- **EXERCISE GOAL**
Look below for the line that contains "Carte de dirigeant" and the line that contains "这个仓库包含《Flask Web开发实战》第9章的示例程序Albumy的源码。", then restate both of them and every line in between, exactly. No picture goes in the copy.

- **ENTRIES SUPPLIED**
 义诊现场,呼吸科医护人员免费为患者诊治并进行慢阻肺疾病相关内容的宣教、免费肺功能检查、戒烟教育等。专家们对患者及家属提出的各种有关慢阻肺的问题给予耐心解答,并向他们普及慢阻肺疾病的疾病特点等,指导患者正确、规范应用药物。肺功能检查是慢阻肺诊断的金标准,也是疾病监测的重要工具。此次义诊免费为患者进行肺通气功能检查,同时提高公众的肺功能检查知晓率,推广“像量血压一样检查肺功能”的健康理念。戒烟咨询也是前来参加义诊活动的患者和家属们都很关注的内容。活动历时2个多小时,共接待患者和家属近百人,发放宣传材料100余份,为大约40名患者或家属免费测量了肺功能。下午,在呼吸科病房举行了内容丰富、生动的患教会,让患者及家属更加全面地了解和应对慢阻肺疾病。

...

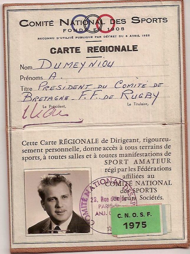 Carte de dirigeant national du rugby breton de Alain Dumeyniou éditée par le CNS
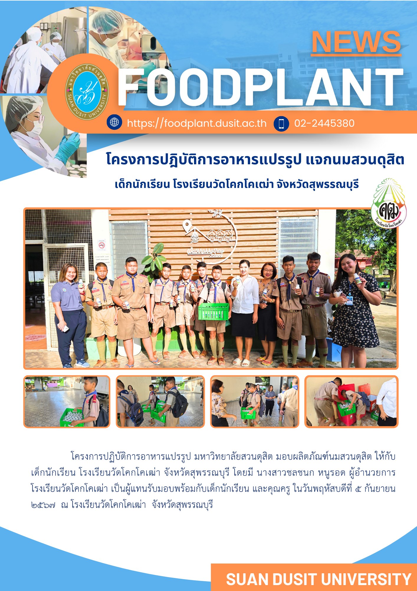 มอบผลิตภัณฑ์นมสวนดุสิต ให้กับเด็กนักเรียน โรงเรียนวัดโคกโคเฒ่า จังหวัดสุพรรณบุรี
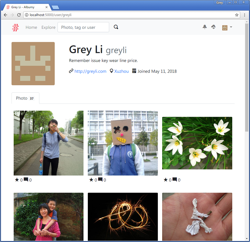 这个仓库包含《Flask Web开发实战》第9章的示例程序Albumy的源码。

- **EXERCISE ANSWER**
 Carte de dirigeant national du rugby breton de Alain Dumeyniou éditée par le CNS
 มอบผลิตภัณฑ์นมสวนดุสิต ให้กับเด็กนักเรียน โรงเรียนวัดโคกโคเฒ่า จังหวัดสุพรรณบุรี
 这个仓库包含《Flask Web开发实战》第9章的示例程序Albumy的源码。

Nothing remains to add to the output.